### Data:
══════════════════════════════

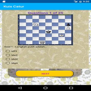 Menguji kemampuan teknik bermain catur langkah terakhir yang memenangkan pertandingan. Ada nilai yang diperoleh sebagai acuan keterampilan anda Soal dibuat mulai dari yang sederhana hingga yang komplek Selamat bermain
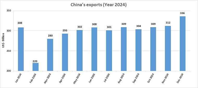 China’s trade surplus in 2024 is roughly equivalent to the entire U.S. trade deficit, estimated at approximately US$ 1 trillion for the year. In the Indian context, China’s trade surplus is nearly equal to India’s total trade volume, encompassing both exports and imports. Despite ongoing geopolitical conflicts, China’s export value rose almost every month in 2024, surpassing the highs of 2022 during the pandemic. While the Chinese economy faced domestic challenges, including a continuing housing crisis and weak consumption, robust external demand provided critical support to exports.
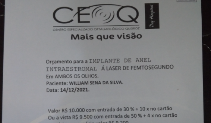 Criei essa vaquinha pois preciso arrecadar R$9.200,00 para um implante de anel intraestromal a laser femtosegundo em ambos os olhos.

══════════════════════════════

### Exercise directions:
Please reproduce the material above word for word, without its images.

### Your solution:
 Menguji kemampuan teknik bermain catur langkah terakhir yang memenangkan pertandingan. Ada nilai yang diperoleh sebagai acuan keterampilan anda Soal dibuat mulai dari yang sederhana hingga yang komplek Selamat bermain
 China’s trade surplus in 2024 is roughly equivalent to the entire U.S. trade deficit, estimated at approximately US$ 1 trillion for the year. In the Indian context, China’s trade surplus is nearly equal to India’s total trade volume, encompassing both exports and imports. Despite ongoing geopolitical conflicts, China’s export value rose almost every month in 2024, surpassing the highs of 2022 during the pandemic. While the Chinese economy faced domestic challenges, including a continuing housing crisis and weak consumption, robust external demand provided critical support to exports.
 Criei essa vaquinha pois preciso arrecadar R$9.200,00 para um implante de anel intraestromal a laser femtosegundo em ambos os olhos.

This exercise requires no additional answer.